Don't feel guilty if you don't know what to do with your life. The
most interesting people I know didn't know at 22 what they wanted to
do with their lives. Some of the most interesting 40-year-olds I
know still don't. They tell me about it all the time as they wrap
themselves up in a blanket and roll their shopping carts down
Broadway in Santa Monica, mumbling "skittles, skittles, skittles."

Get plenty of calcium. Maybe you'll be featured in a "Got Milk" ad
and make lots of money, like Steve Young, and Jennifer Love-Hewitt.

Be kind to your knees. Be kind to your breasts. You'll miss them
when your breasts are at your knees.

Maybe you'll marry, maybe you won't. Maybe you'll have children,
maybe you won't. And maybe you're going to be the one that saves me,
and after all, you're my wonderwall.

Remember that you can't congratulate yourself too much, or berate
other people enough.

Life is half chance, so if you come out ahead, God must love you
more than other people.

Dance, even if you're white.

Don't read directions. They're just a ploy engineered by paper
manufacturers to sell unnecessary paper to the world.

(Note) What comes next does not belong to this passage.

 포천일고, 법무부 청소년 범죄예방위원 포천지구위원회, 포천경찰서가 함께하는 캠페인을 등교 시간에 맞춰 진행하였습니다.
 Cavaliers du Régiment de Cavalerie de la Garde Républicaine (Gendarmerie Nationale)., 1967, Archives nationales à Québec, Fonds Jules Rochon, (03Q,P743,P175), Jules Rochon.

Do not read beauty magazines. Porn is much more fun.

Get to know your parents. They're always good for a couple of bucks
when you're in between jobs.

Be nice to your siblings. They're your best link to your past, and
might make more money than you in the future.

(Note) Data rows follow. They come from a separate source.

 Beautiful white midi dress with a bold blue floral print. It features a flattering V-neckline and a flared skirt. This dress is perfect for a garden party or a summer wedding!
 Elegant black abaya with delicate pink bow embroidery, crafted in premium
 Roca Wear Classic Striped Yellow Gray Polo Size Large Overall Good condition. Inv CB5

Understand that friends come and go, but Star Trek on UPN is forever.

So are a few good friends. Work hard to bridge the gaps in
geography and lifestyle, because the older you get, the more you
need the people who remember you when you had hair.

Live in New York City once, but leave before someone ties you up in
your apartment and chops your head off.

Live in Northern California once, but leave before you start wearing
leather and hanging out with people named "Bruce."

Burp.

Accept certain inalienable truths: You will always work too hard,
for too little money. Your wife's boobs will sag. So will yours.
Prices will soar, and no matter how much money you make, you won't be
able to afford to buy the house you really, really want. You, too,
will get old, and when you do, you will fantasize that when you were
young, your wife's boobs didn't sag, prices were reasonable, and you
didn't care how much money you had, because living in a filthy
apartment with four other guys off-campus with a cabinet full of Top
Ramen and Lucky Lager was all you needed.

Don't expect anyone else to support you. Unless they're really,
really rich. Maybe you have a trust fund. Maybe you'll have a
wealthy spouse. But you never know when either one will be dipped
into by someone else.

Be careful whose advice you buy, but be liberal with supplying it.
People love that. Advice is a form of nostalgia. Dispensing it is a
way of fishing the past from the disposal, wiping it off, painting
over the ugly parts and recycling it so that somebody else, younger
than you, can get screwed over just like you did, and you can point
and laugh.

But trust me on the white zinfandel.